Informan dalam penelitian ini tetap dijaga identitas kerahasiaan namanya yaitu dengan
memakai inisial nama bunga (melati, mawar, dll) dan bocah pada pasangan laki-laki waria yang
alamat rumahnya pun disamarkan, hal ini karena informan bocah tidak ingin alamatnya
dicantumkan. Adapun dua informan waria yaitu Dahlan dan Dea menolak namanya disamarkan
dengan alasan sebagai bentuk pengabdian terhadap ilmu pengetahuan dengan berbagi informasi.

E. Keabsahan Data
Untuk menguji kredibilitas data dilakukan dengan cara mengecek data yang telah diperoleh
melalui Triangulasi sumber yaitu dengan membandingkan informasi informan (cross
check) antara informasi yang satu dengan yang lainnya. Dalam melihat akurasi informasi yang
diperoleh pada penelitian ini, sumber tidak hanya berasal dari waria, tapi juga mereka yang
bertindak sebagai bocah serta pemilihan petugas kesehatan terkait dengan penyalahgunaan obat

F. Pengolahan dan Analisis Data


Menurut Miles dan Huberman (dikutip dalam Sugiyono, 2010), mengemukakan bahwa
analisis data kualitatif dilakukan secara interaktif, dan berlangsung terus-menerus sampai tuntas.
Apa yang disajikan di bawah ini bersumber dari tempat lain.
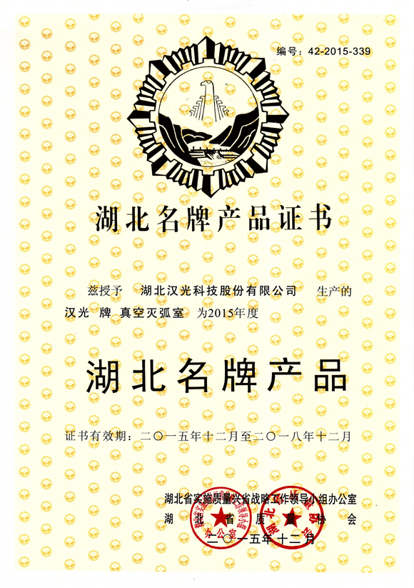 2015年12月30日,我公司生產(chǎn)的“漢光”牌真空滅弧室繼2012年之后,再次被湖北省實施質(zhì)量興省戰(zhàn)略工作領(lǐng)導(dǎo)小組辦公室、湖北省質(zhì)量協(xié)會評為2015年度湖北名牌產(chǎn)品。

Aktifitas dalam analisis data yaitu data reduction, data display, danconclusion
drawing/verification.
1. Data reduction (Reduksi data)
Mereduksi data berarti merangkum, memilih hal-hal pokok, memfokuskan pada hal-hal
yang penting, dicari tema dan polanya. Data yang telah direduksi akan memberikan gambaran
yang lebih jelas, dan mempermudah peneliti untuk melakukan pengumpulan data selanjutnya.
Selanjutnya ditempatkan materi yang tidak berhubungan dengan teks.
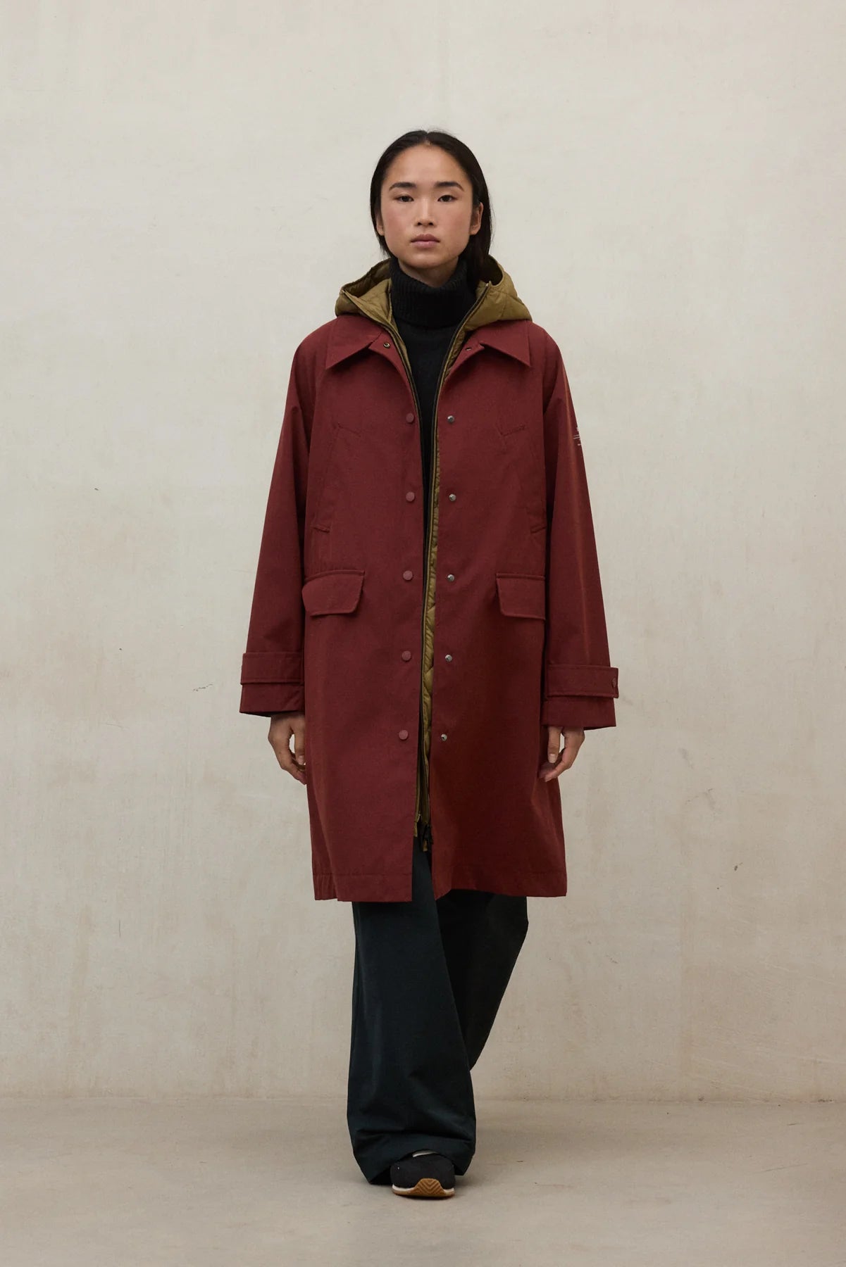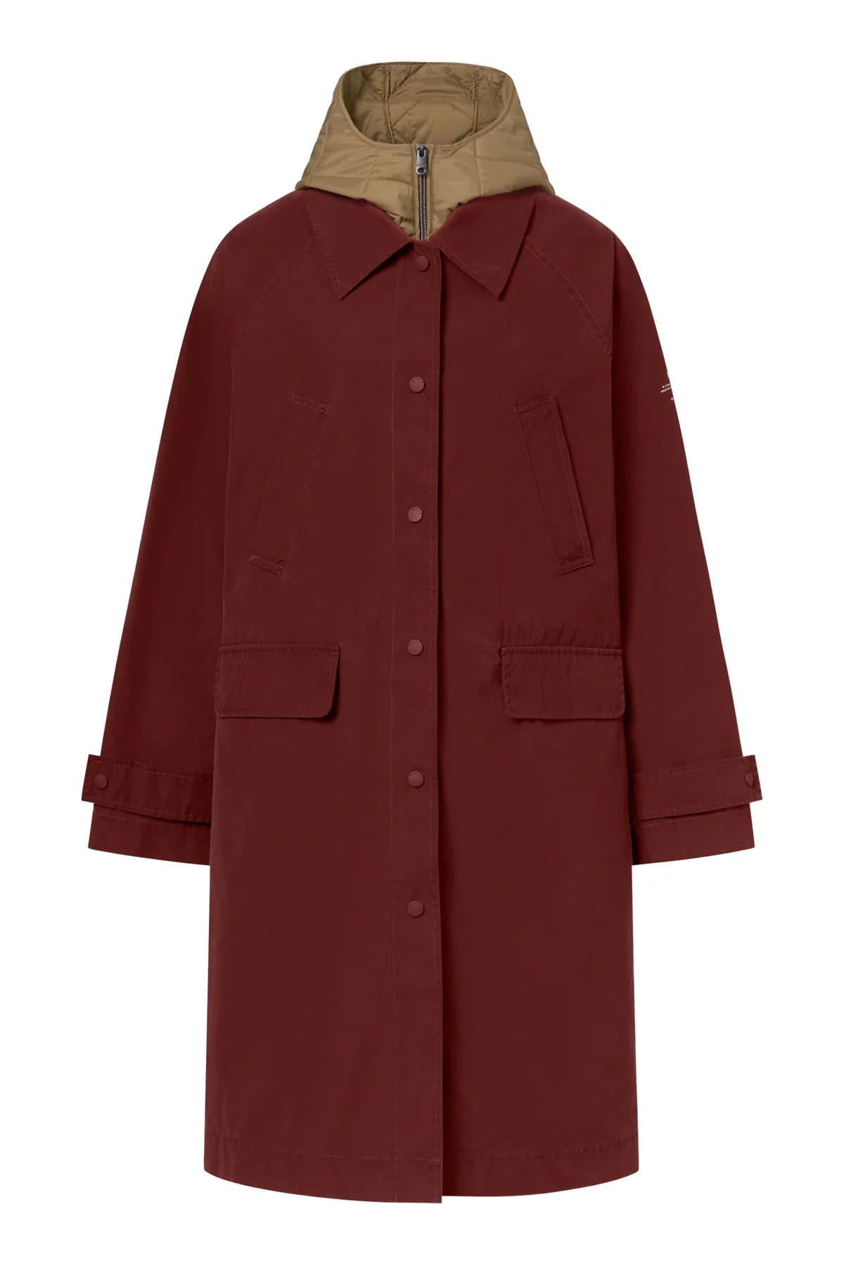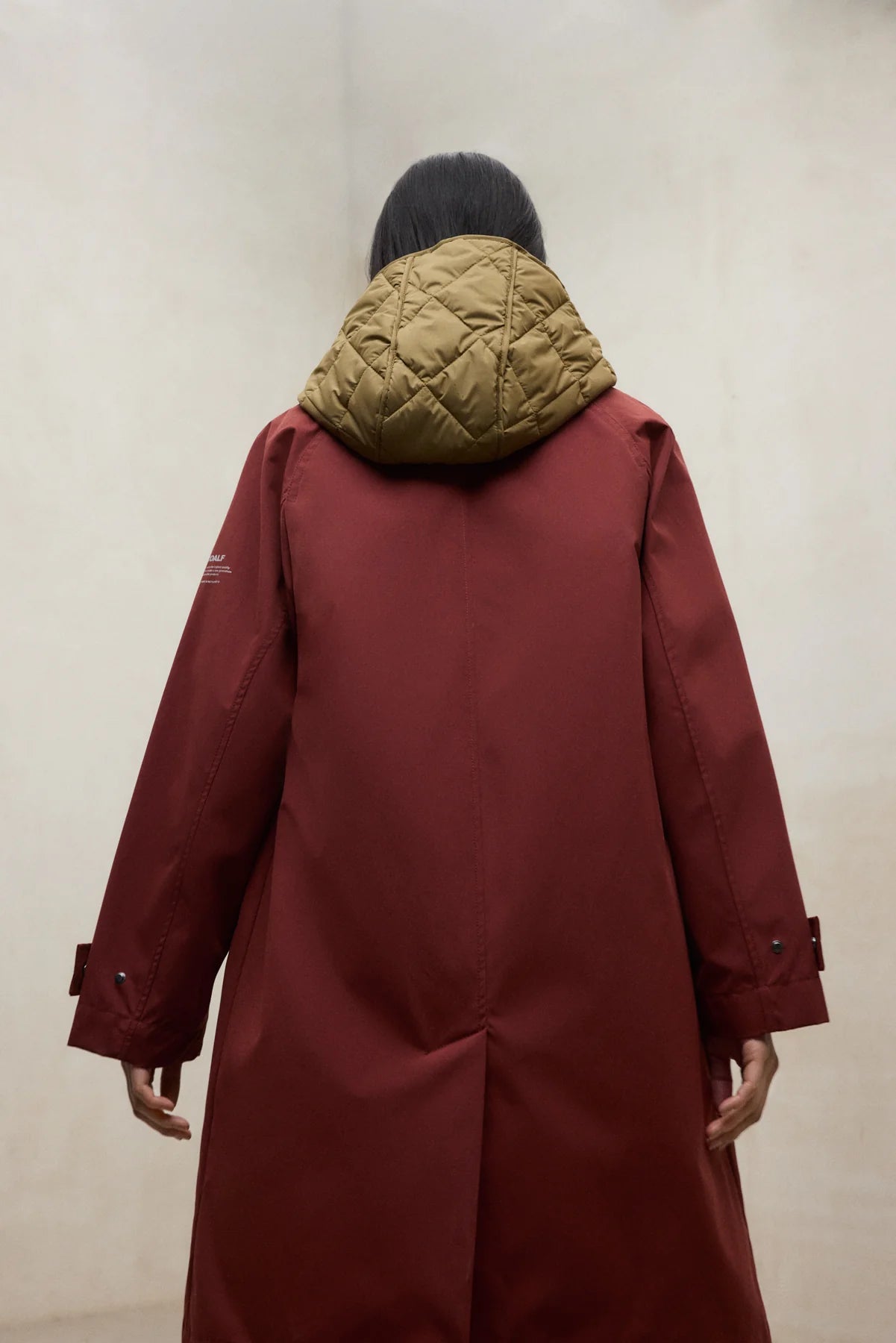 The Hyden coat is made of 54% recycled polyester, 46% organic cotton lining and 100% recycled polyester filling. Recycled polyester cuts down on the use of fossil resources, CO2 emissions, and water and energy consumption by reusing plastic waste such as PET bottles, while maintaining the properties of virgin polyester. This innovative design blends the sophistication of a trench coat and the warmth of a padded vest for a functional yet modern look.

2. Data display (Penyajian data)
Menurut Miles dan Huberman (dikutip dalam Sugiyono, 2008) menyatakan bahwa yang
paling sering digunakan untuk menyajikan data dalam penelitian kualitatif adalah dengan teks
yang bersifat naratif.
3. Conclusion drawing/verification
Langkah selanjutnya yaitu penarikan kesimpulan dan verifikasi. Kesimpulan awal yang
dikemukakan masih bersifat sementara. Apabila kesimpulan sejak awal didukung oleh bukti-
bukti yang valid dan konsisten saat peneliti mengumpulkan data, maka kesimpulan yang
dikemukakan merupakan kesimpulan yang kredibel (Sugiyono, 2008).